*What the exercise asks*
Below are records to write out exactly; drop the pictures when you do.

[Records excerpted from a collection]
-- -- --
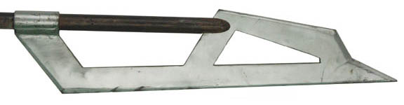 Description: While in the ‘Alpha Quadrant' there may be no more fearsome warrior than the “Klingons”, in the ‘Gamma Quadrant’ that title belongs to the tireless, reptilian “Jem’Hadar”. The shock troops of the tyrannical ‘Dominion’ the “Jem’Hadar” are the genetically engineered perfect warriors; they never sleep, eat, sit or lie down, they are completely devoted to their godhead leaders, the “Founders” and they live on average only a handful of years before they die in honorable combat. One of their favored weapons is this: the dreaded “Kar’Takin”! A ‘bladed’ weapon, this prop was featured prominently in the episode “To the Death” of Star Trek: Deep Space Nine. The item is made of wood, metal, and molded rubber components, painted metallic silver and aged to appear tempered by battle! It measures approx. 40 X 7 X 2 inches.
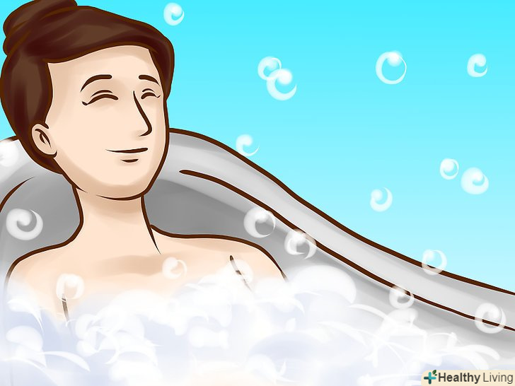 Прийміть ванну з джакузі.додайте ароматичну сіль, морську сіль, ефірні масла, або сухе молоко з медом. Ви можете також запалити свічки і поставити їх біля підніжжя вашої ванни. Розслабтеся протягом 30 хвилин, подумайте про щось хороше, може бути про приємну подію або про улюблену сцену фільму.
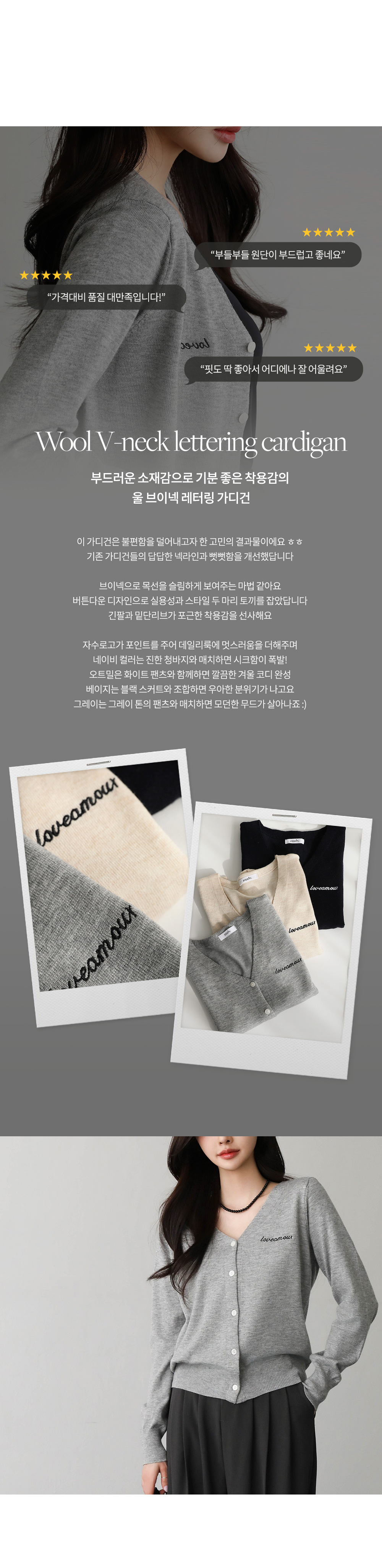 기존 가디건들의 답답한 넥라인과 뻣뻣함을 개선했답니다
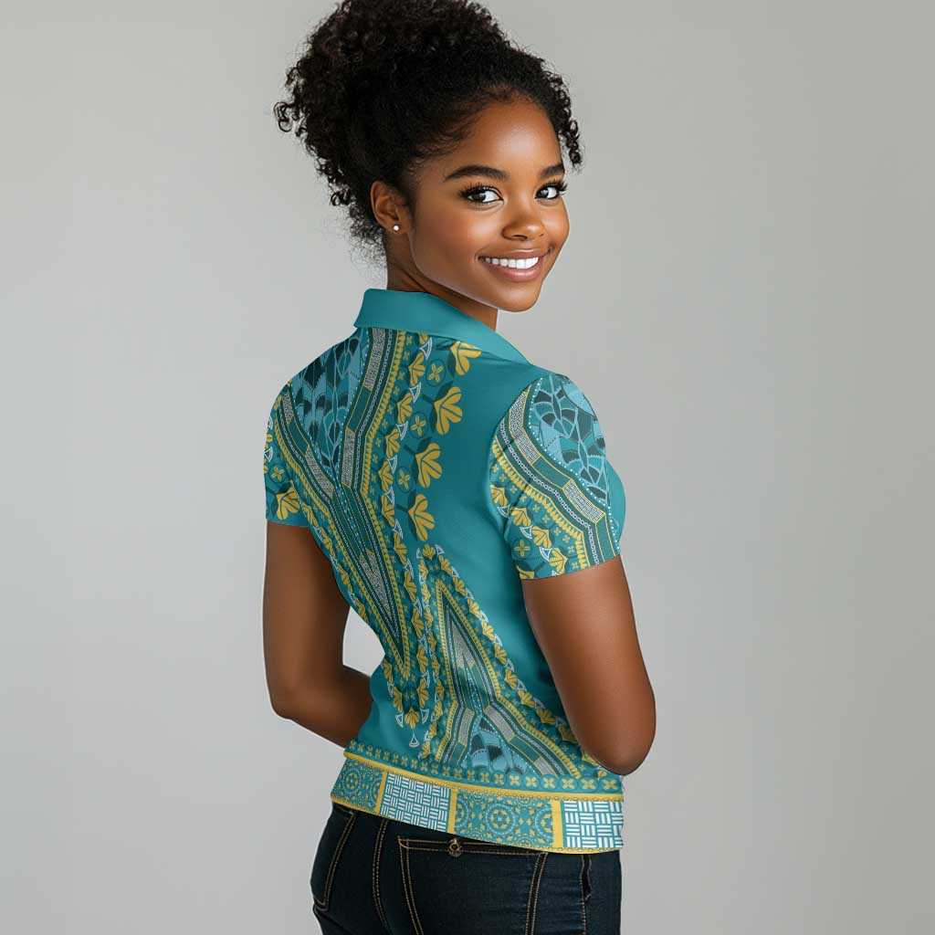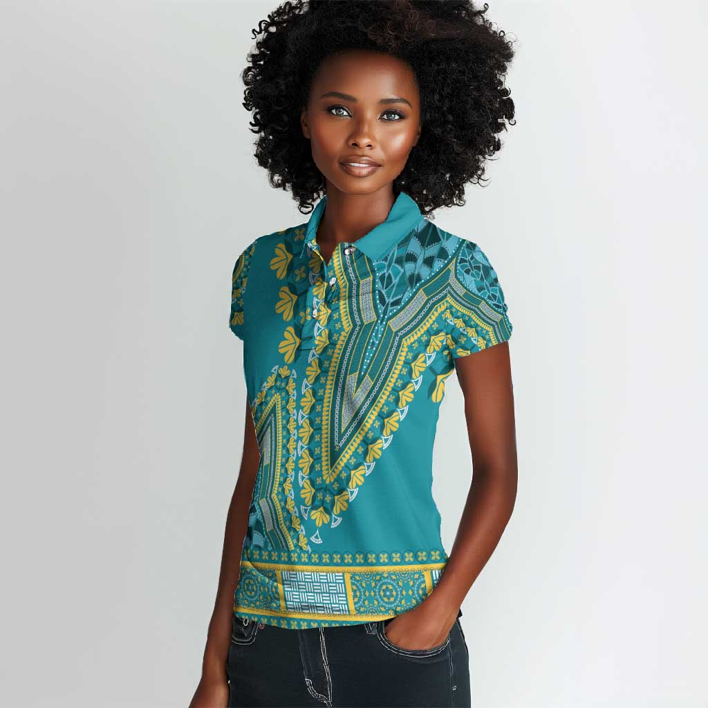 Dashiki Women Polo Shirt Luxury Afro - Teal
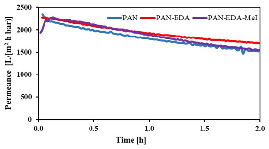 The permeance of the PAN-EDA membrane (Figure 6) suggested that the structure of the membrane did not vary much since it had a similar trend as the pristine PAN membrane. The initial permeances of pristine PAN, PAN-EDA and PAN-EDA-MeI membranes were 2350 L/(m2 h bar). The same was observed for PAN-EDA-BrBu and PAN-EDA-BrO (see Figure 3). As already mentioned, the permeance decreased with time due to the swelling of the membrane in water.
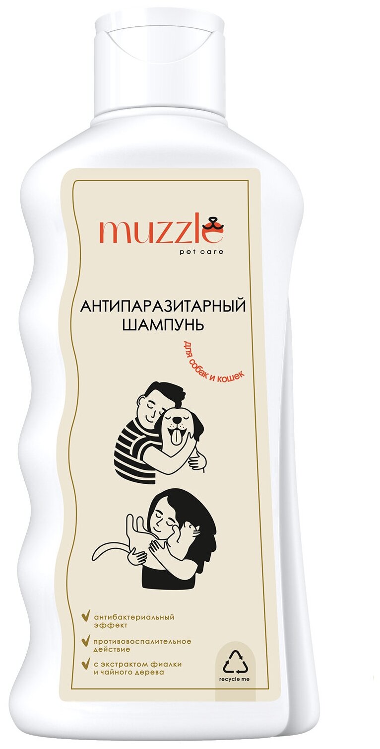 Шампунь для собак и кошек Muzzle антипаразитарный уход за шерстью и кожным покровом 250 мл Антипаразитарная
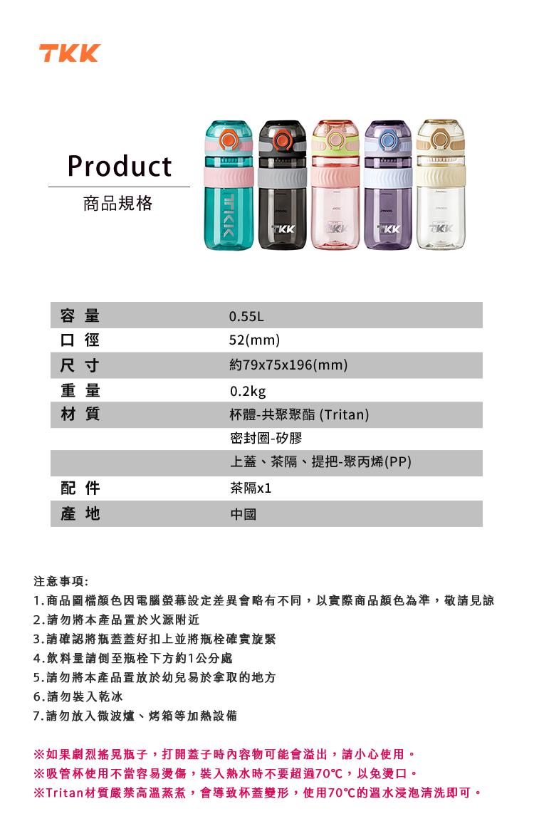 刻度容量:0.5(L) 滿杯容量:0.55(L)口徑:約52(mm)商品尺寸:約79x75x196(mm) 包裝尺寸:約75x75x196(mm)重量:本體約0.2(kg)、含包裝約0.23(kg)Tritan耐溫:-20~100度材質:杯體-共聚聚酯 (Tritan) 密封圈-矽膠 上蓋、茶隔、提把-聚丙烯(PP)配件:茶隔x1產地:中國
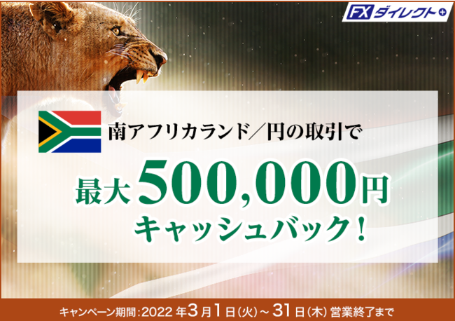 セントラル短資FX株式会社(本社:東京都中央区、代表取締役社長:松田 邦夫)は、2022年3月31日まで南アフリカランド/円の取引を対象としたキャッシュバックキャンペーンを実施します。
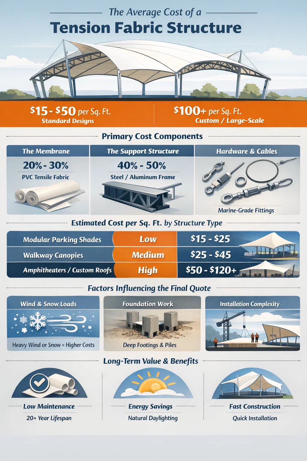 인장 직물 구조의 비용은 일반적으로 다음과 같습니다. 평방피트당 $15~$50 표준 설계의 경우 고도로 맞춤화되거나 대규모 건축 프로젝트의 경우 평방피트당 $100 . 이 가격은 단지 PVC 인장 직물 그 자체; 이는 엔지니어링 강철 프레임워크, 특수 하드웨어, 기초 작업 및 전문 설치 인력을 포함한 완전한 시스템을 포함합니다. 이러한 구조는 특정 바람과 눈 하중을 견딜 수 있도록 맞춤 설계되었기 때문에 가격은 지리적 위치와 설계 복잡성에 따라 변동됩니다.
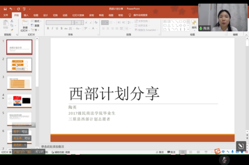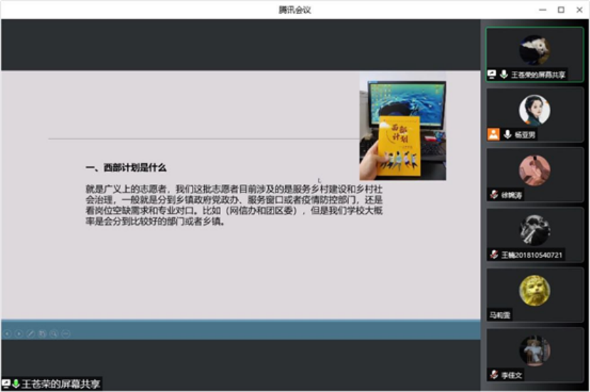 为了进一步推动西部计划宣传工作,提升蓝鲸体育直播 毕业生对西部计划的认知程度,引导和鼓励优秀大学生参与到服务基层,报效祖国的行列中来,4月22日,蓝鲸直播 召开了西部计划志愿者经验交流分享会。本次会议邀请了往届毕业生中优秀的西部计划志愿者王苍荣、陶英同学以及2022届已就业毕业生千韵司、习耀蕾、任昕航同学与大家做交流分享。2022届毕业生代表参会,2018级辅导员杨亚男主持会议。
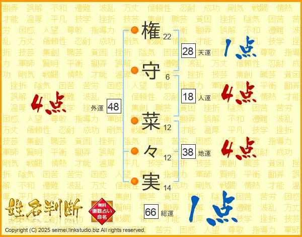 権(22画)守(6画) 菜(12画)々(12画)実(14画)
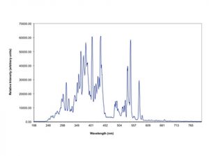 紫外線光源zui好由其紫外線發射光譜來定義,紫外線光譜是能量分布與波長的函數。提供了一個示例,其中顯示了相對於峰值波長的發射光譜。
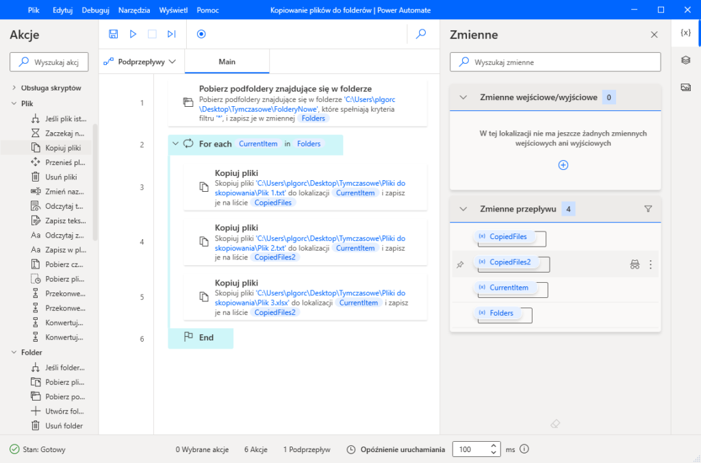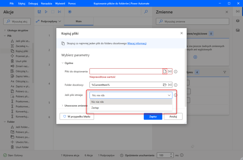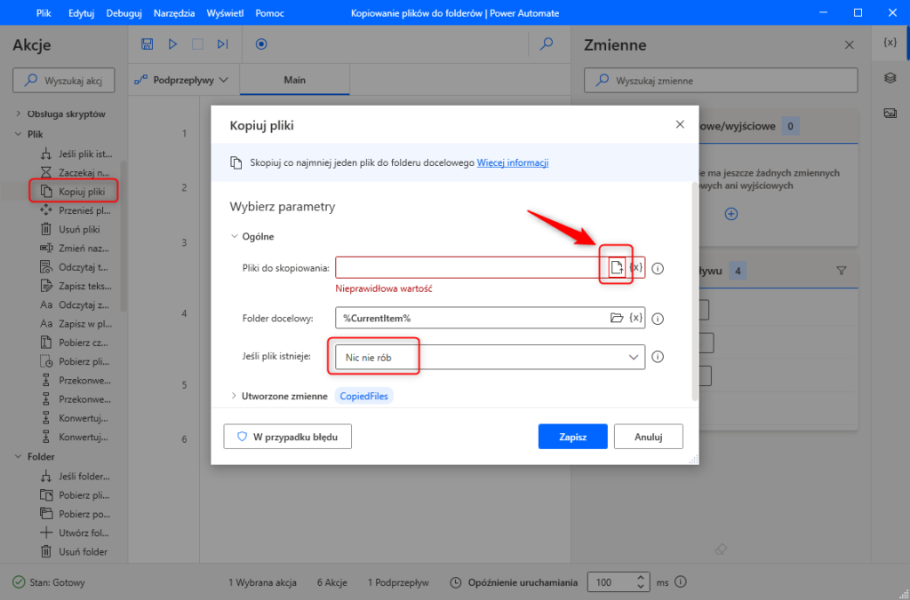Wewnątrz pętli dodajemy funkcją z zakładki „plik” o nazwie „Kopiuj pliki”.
-- -- --
*Result of the exercise*
 Description: While in the ‘Alpha Quadrant' there may be no more fearsome warrior than the “Klingons”, in the ‘Gamma Quadrant’ that title belongs to the tireless, reptilian “Jem’Hadar”. The shock troops of the tyrannical ‘Dominion’ the “Jem’Hadar” are the genetically engineered perfect warriors; they never sleep, eat, sit or lie down, they are completely devoted to their godhead leaders, the “Founders” and they live on average only a handful of years before they die in honorable combat. One of their favored weapons is this: the dreaded “Kar’Takin”! A ‘bladed’ weapon, this prop was featured prominently in the episode “To the Death” of Star Trek: Deep Space Nine. The item is made of wood, metal, and molded rubber components, painted metallic silver and aged to appear tempered by battle! It measures approx. 40 X 7 X 2 inches.
 Прийміть ванну з джакузі.додайте ароматичну сіль, морську сіль, ефірні масла, або сухе молоко з медом. Ви можете також запалити свічки і поставити їх біля підніжжя вашої ванни. Розслабтеся протягом 30 хвилин, подумайте про щось хороше, може бути про приємну подію або про улюблену сцену фільму.
 기존 가디건들의 답답한 넥라인과 뻣뻣함을 개선했답니다
 Dashiki Women Polo Shirt Luxury Afro - Teal
 The permeance of the PAN-EDA membrane (Figure 6) suggested that the structure of the membrane did not vary much since it had a similar trend as the pristine PAN membrane. The initial permeances of pristine PAN, PAN-EDA and PAN-EDA-MeI membranes were 2350 L/(m2 h bar). The same was observed for PAN-EDA-BrBu and PAN-EDA-BrO (see Figure 3). As already mentioned, the permeance decreased with time due to the swelling of the membrane in water.
 Шампунь для собак и кошек Muzzle антипаразитарный уход за шерстью и кожным покровом 250 мл Антипаразитарная
 刻度容量:0.5(L) 滿杯容量:0.55(L)口徑:約52(mm)商品尺寸:約79x75x196(mm) 包裝尺寸:約75x75x196(mm)重量:本體約0.2(kg)、含包裝約0.23(kg)Tritan耐溫:-20~100度材質:杯體-共聚聚酯 (Tritan) 密封圈-矽膠 上蓋、茶隔、提把-聚丙烯(PP)配件:茶隔x1產地:中國
 セントラル短資FX株式会社(本社:東京都中央区、代表取締役社長:松田 邦夫)は、2022年3月31日まで南アフリカランド/円の取引を対象としたキャッシュバックキャンペーンを実施します。
 인장 직물 구조의 비용은 일반적으로 다음과 같습니다. 평방피트당 $15~$50 표준 설계의 경우 고도로 맞춤화되거나 대규모 건축 프로젝트의 경우 평방피트당 $100 . 이 가격은 단지 PVC 인장 직물 그 자체; 이는 엔지니어링 강철 프레임워크, 특수 하드웨어, 기초 작업 및 전문 설치 인력을 포함한 완전한 시스템을 포함합니다. 이러한 구조는 특정 바람과 눈 하중을 견딜 수 있도록 맞춤 설계되었기 때문에 가격은 지리적 위치와 설계 복잡성에 따라 변동됩니다.
 为了进一步推动西部计划宣传工作,提升蓝鲸体育直播 毕业生对西部计划的认知程度,引导和鼓励优秀大学生参与到服务基层,报效祖国的行列中来,4月22日,蓝鲸直播 召开了西部计划志愿者经验交流分享会。本次会议邀请了往届毕业生中优秀的西部计划志愿者王苍荣、陶英同学以及2022届已就业毕业生千韵司、习耀蕾、任昕航同学与大家做交流分享。2022届毕业生代表参会,2018级辅导员杨亚男主持会议。
 権(22画)守(6画) 菜(12画)々(12画)実(14画)
 紫外線光源zui好由其紫外線發射光譜來定義,紫外線光譜是能量分布與波長的函數。提供了一個示例,其中顯示了相對於峰值波長的發射光譜。
Wewnątrz pętli dodajemy funkcją z zakładki „plik” o nazwie „Kopiuj pliki”.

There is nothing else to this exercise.